Bulk import¶

Two paths for loading many vectors:

Client-side importers — Python reads the file, streams over gRPC. Good for most workloads up to a few million rows.
Server-side bulk import — the server reads directly from S3/MinIO. 3–5× faster for billion-scale loads.

Client-side importers¶

Install extras¶

pip install gvdb[import]       # Parquet, NumPy, Pandas, tqdm
pip install gvdb[import-all]   # plus AnnData + polars

Extra	Deps
`gvdb[parquet]`	pyarrow
`gvdb[numpy]`	numpy
`gvdb[pandas]`	pandas, pyarrow
`gvdb[h5ad]`	anndata, numpy
`gvdb[progress]`	tqdm

Shared parameters¶

Every import_* helper accepts these kwargs:

Arg	Default	Description
`batch_size`	`10_000`	Rows per insert RPC
`mode`	`"upsert"`	`"upsert"` (idempotent, safe to re-run) or `"stream_insert"` (faster)
`metric`	`"cosine"`	Distance metric when auto-creating the collection
`index_type`	`"auto"`	Index type when auto-creating the collection
`max_retries`	`3`	Retries per batch on transient errors
`show_progress`	`True`	tqdm progress bar (requires `gvdb[progress]`)

NumPy¶

import numpy as np
from gvdb import GVDBClient

client = GVDBClient("localhost:50051")

vectors = np.random.rand(100_000, 768).astype(np.float32)
result = client.import_numpy(
    vectors,
    "embeddings",
    ids=None,                       # None → sequential IDs starting from 0
    metadata=None,
    batch_size=10_000,
)
print(result)
# ImportResult(total=100000, batches=10, failed=0, elapsed=12.3s, ...)

Parquet¶

Expected schema: id (int), vector (list), plus any metadata columns.

result = client.import_parquet(
    "vectors.parquet",
    "embeddings",
    vector_column="vector",
    id_column="id",
)

Pandas / Polars DataFrame¶

import pandas as pd

df = pd.DataFrame({
    "id": range(1000),
    "vector": [[...] for _ in range(1000)],
    "category": [...],
    "price": [...],
})

result = client.import_dataframe(
    df,
    "products",
    vector_column="vector",
    id_column="id",
)

Non-vector, non-id columns become per-vector metadata (scalars only: int, float, str, bool).

CSV¶

Two vector encodings are auto-detected:

# 1. JSON array in a single column: "[0.1, 0.2, 0.3]"
result = client.import_csv("data.csv", "embeddings", vector_column="vector", id_column="id")

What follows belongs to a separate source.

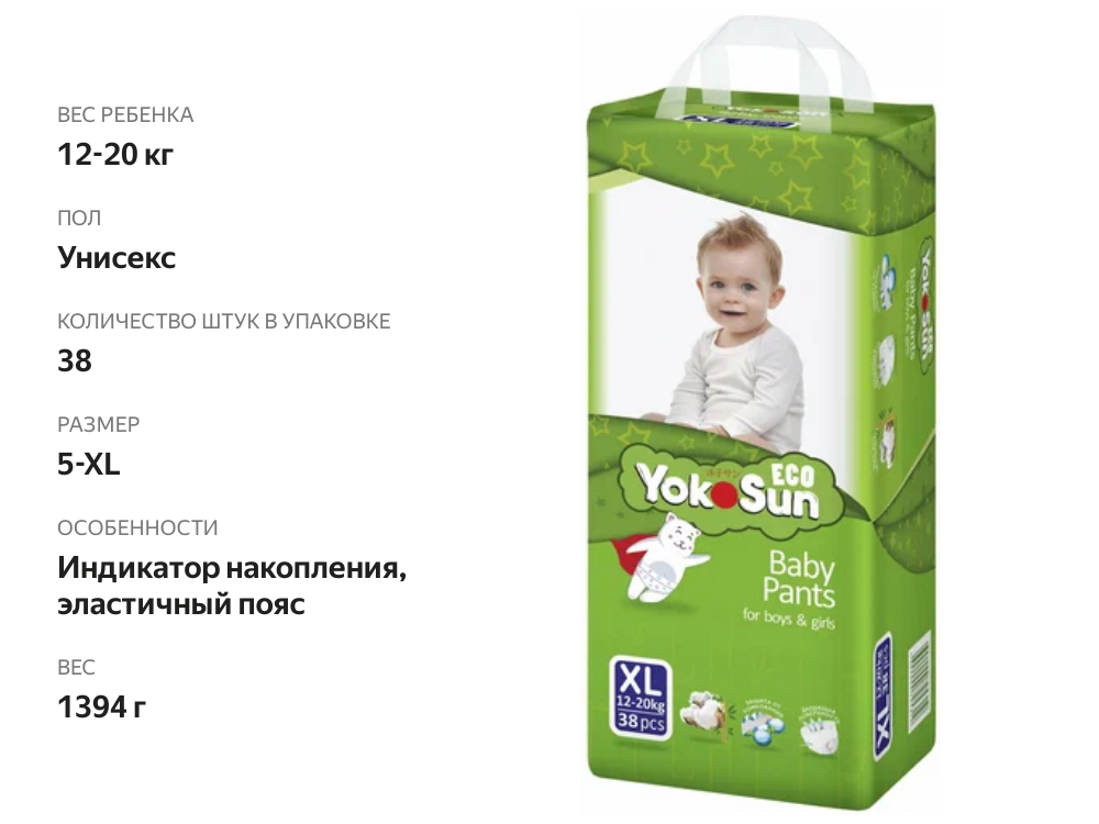 Купить Детские подгузники-трусики YokoSun Eco, размер 5/XL (12-20 кг), 38 шт.

# 2. Dimension-prefixed columns: vector_0, vector_1, ..., vector_N
result = client.import_csv("wide.csv", "embeddings", vector_column="vector")

AnnData (`.h5ad`)¶

For single-cell workflows — import cell embeddings, obs columns as metadata:

result = client.import_h5ad(
    "adata.h5ad",
    "cells",
    embedding_key="X_pca",          # or "X_umap", "X_scvi", ...
    id_column=None,                 # defaults to row index
    metadata_columns=None,          # None = include all obs columns
)

`ImportResult`¶

ImportResult(
    total_count=100_000,
    batch_count=10,
    failed_count=0,
    elapsed_seconds=12.3,
    collection="embeddings",
    dimension=768,
    created_collection=True,
)

Server-side bulk import¶

For S3/MinIO-backed loads, skip gRPC entirely — the server downloads the file and writes segments directly:

import_id = client.bulk_import(
    "my_collection",
    source_uri="s3://my-bucket/embeddings.parquet",
    format="parquet",           # "parquet" or "numpy"
    vector_column="vector",
    id_column="id",
)

status = client.wait_for_import(import_id, poll_interval=2.0, timeout=3600.0)
# status == {"state": 2, "total_vectors": 1_000_000, "imported_vectors": 1_000_000,
#            "progress_percent": 100.0, "segments_created": 12, ...}

Polling and cancellation:

status = client.get_import_status(import_id)
client.cancel_import(import_id)      # -> True if accepted

state is an integer:

Value	Meaning
0	PENDING
1	RUNNING
2	COMPLETED
3	FAILED
4	CANCELLED

The collection must already exist when you call bulk_import — unlike client-side importers, the server-side path does not auto-create collections.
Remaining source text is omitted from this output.